> _What to work on_
Write out nothing except the lines of the entries below, from the first through the one containing "RugSmith Black Moulded", exactly and without pictures.

> _Data extracts_
^^^^^^^^
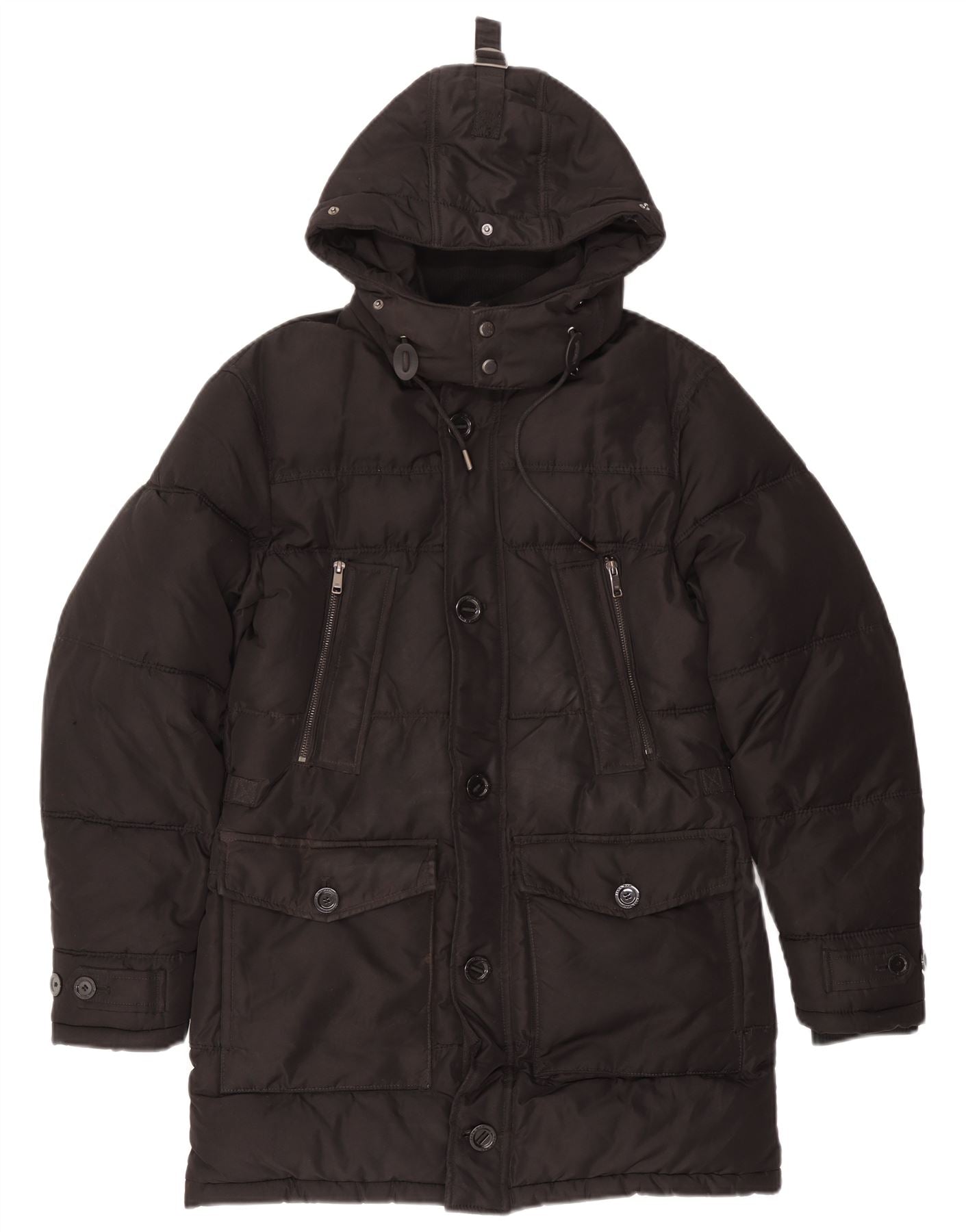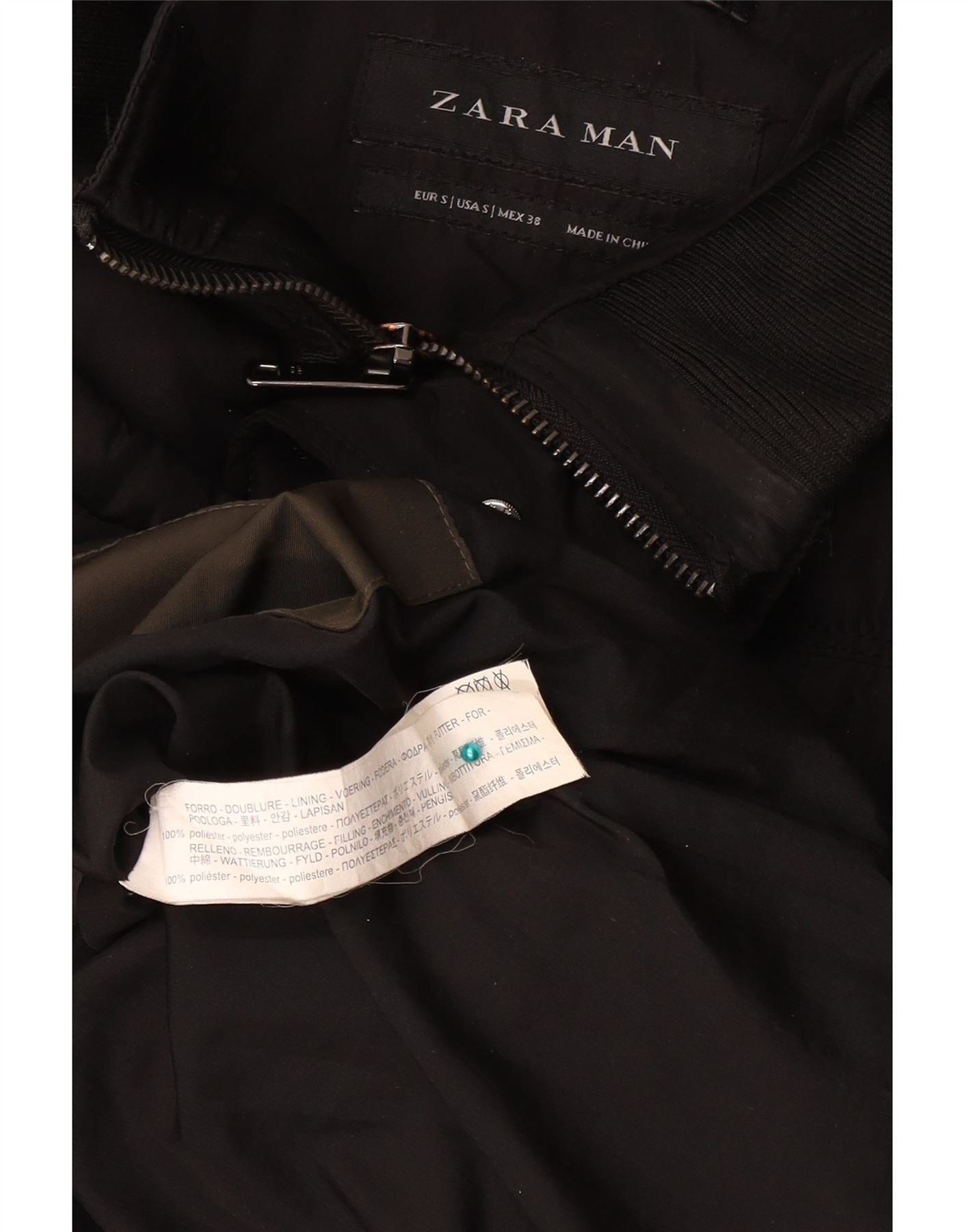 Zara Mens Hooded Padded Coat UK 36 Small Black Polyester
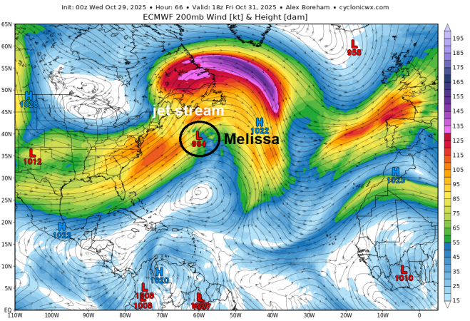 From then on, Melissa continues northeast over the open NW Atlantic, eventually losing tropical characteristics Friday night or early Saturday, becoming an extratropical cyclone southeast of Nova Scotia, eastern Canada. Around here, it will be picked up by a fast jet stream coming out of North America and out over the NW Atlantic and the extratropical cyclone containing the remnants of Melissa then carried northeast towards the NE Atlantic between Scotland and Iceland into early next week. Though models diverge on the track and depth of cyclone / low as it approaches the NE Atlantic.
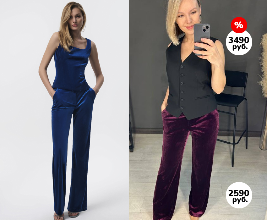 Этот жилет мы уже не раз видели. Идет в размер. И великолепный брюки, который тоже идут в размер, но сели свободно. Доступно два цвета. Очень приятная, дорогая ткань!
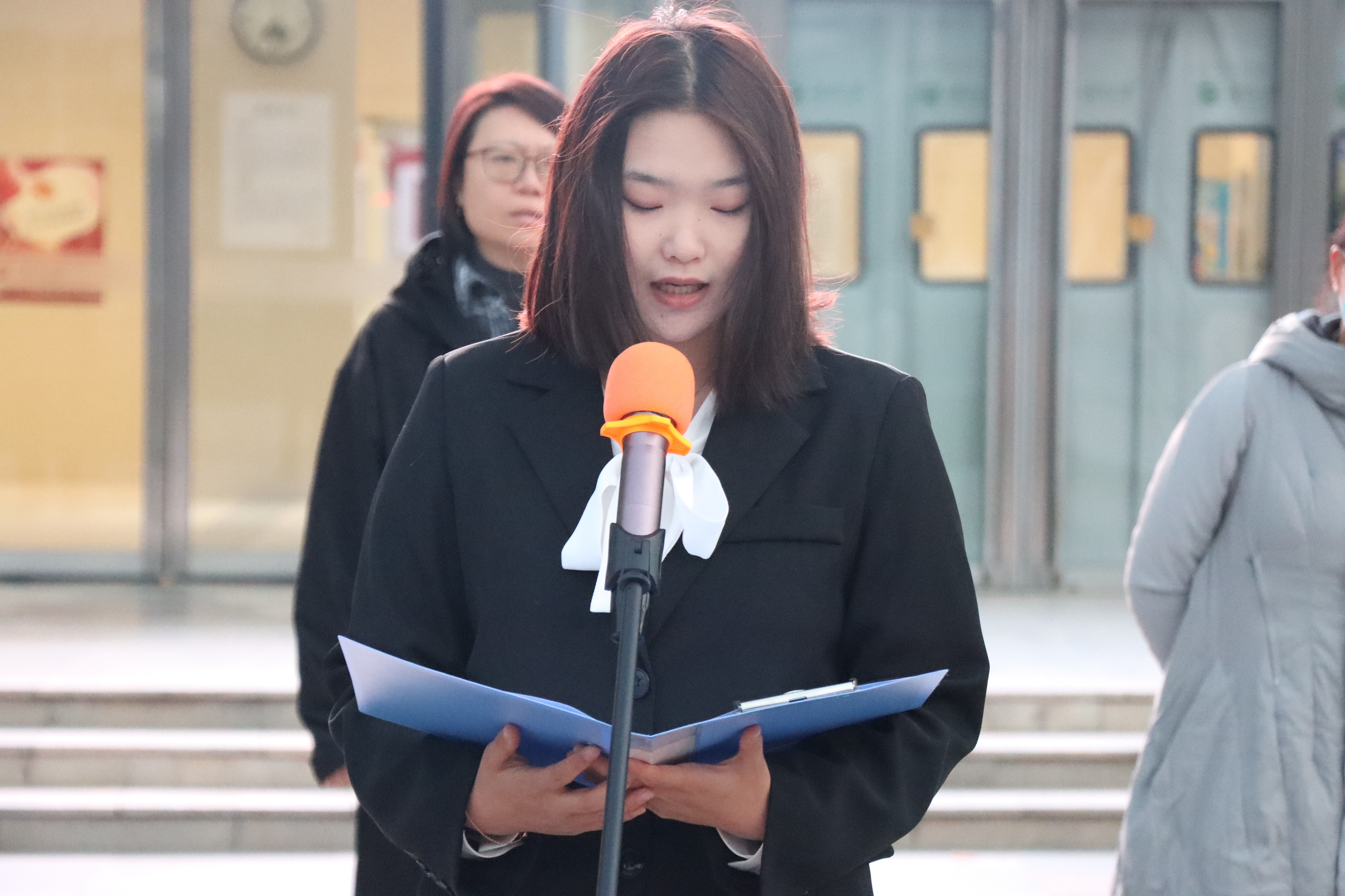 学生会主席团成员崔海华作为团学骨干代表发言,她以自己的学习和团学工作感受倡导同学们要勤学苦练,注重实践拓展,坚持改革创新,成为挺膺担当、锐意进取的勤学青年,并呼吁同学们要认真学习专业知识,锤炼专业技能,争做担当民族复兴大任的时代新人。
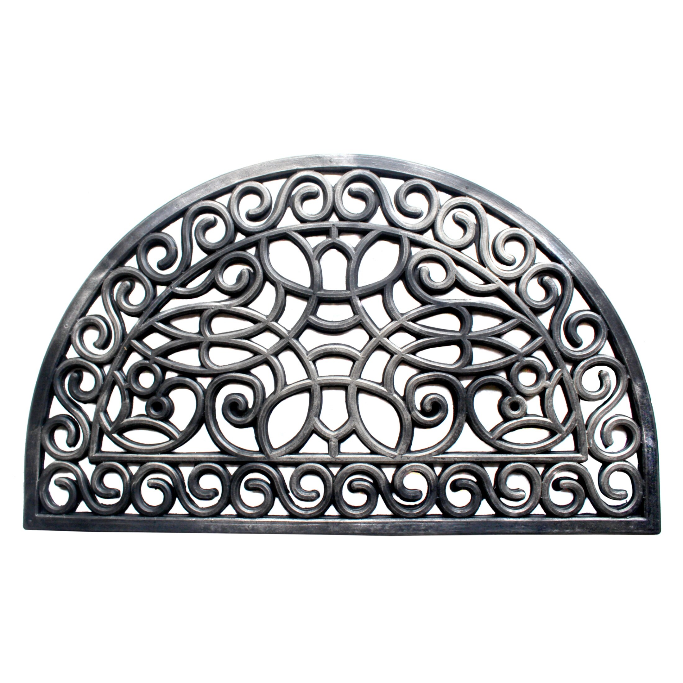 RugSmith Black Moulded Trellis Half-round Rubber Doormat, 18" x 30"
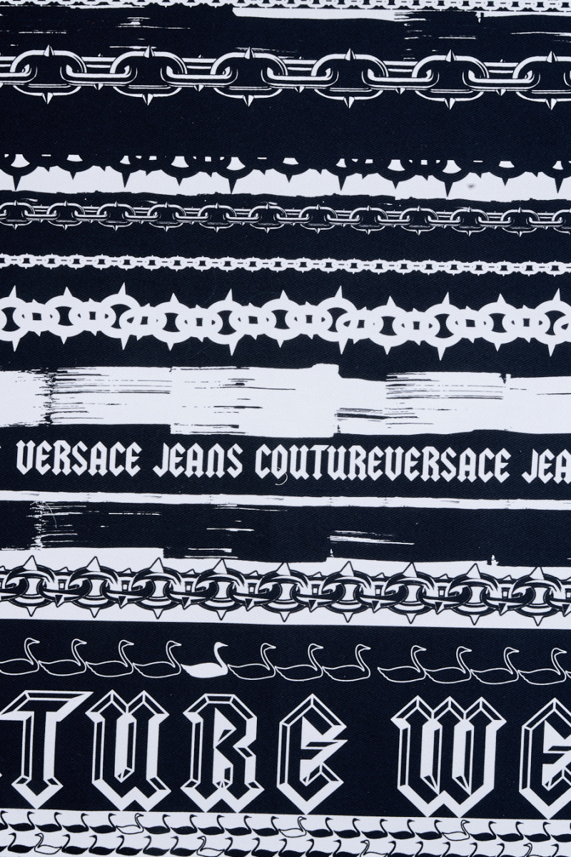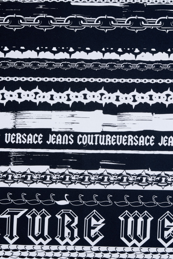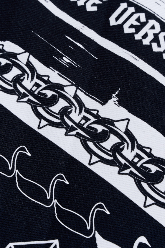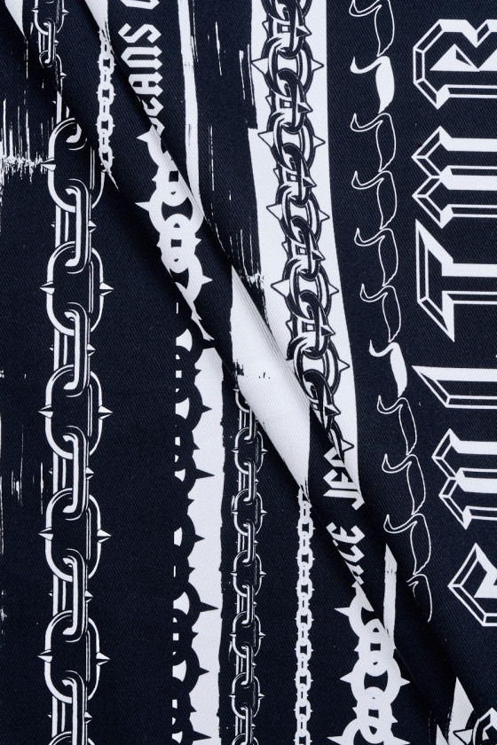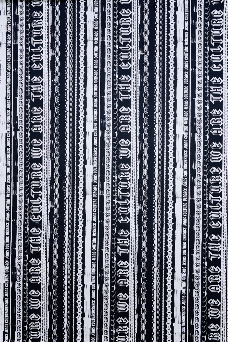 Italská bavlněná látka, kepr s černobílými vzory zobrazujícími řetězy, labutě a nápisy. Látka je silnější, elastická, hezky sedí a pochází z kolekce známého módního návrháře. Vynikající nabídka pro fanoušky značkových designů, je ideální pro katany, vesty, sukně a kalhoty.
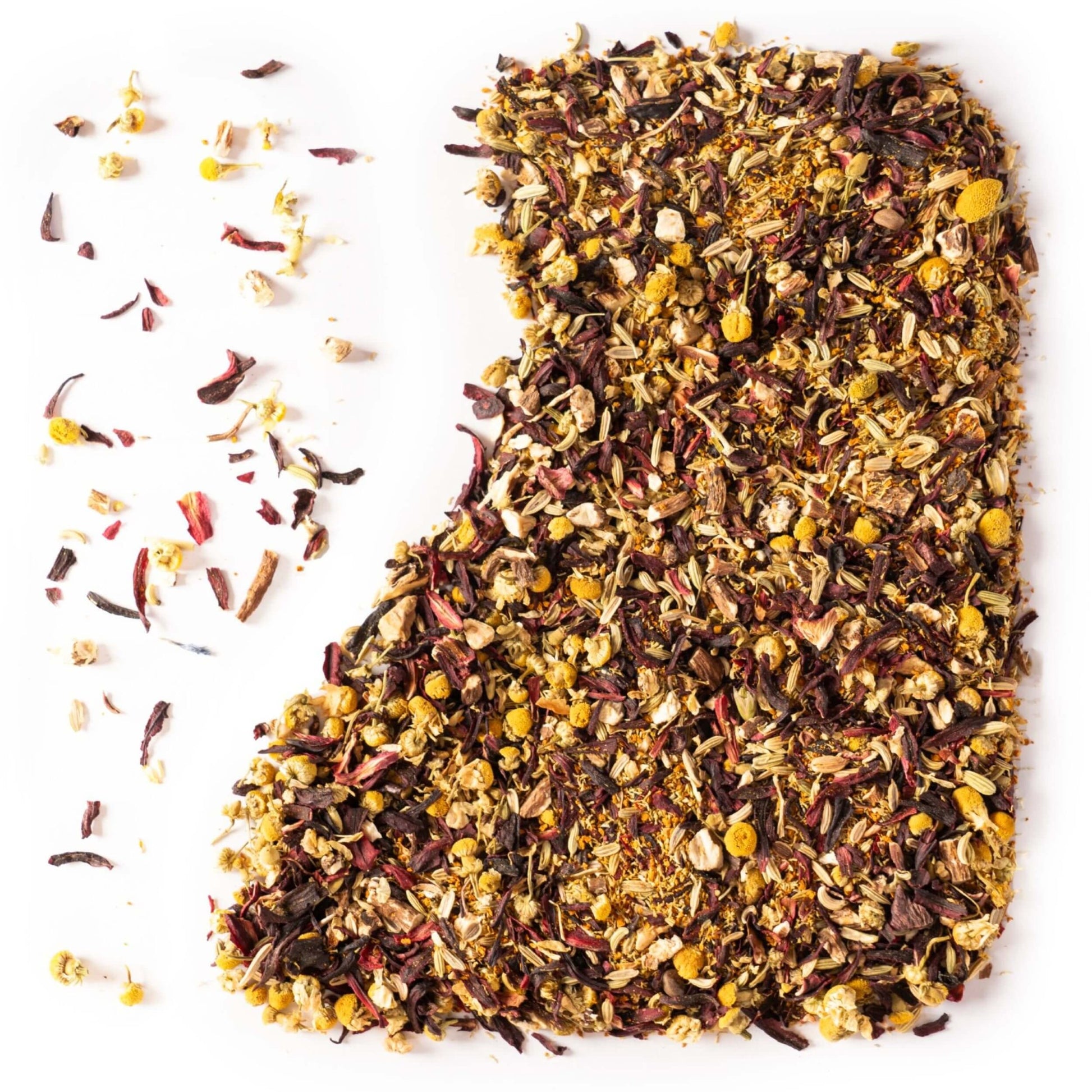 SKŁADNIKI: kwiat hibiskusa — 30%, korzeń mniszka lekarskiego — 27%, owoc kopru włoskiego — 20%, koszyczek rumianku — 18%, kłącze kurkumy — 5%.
^^^^^^^^
> _Exercise result_
 Zara Mens Hooded Padded Coat UK 36 Small Black Polyester
 From then on, Melissa continues northeast over the open NW Atlantic, eventually losing tropical characteristics Friday night or early Saturday, becoming an extratropical cyclone southeast of Nova Scotia, eastern Canada. Around here, it will be picked up by a fast jet stream coming out of North America and out over the NW Atlantic and the extratropical cyclone containing the remnants of Melissa then carried northeast towards the NE Atlantic between Scotland and Iceland into early next week. Though models diverge on the track and depth of cyclone / low as it approaches the NE Atlantic.
 Этот жилет мы уже не раз видели. Идет в размер. И великолепный брюки, который тоже идут в размер, но сели свободно. Доступно два цвета. Очень приятная, дорогая ткань!
 学生会主席团成员崔海华作为团学骨干代表发言,她以自己的学习和团学工作感受倡导同学们要勤学苦练,注重实践拓展,坚持改革创新,成为挺膺担当、锐意进取的勤学青年,并呼吁同学们要认真学习专业知识,锤炼专业技能,争做担当民族复兴大任的时代新人。
 RugSmith Black Moulded Trellis Half-round Rubber Doormat, 18" x 30"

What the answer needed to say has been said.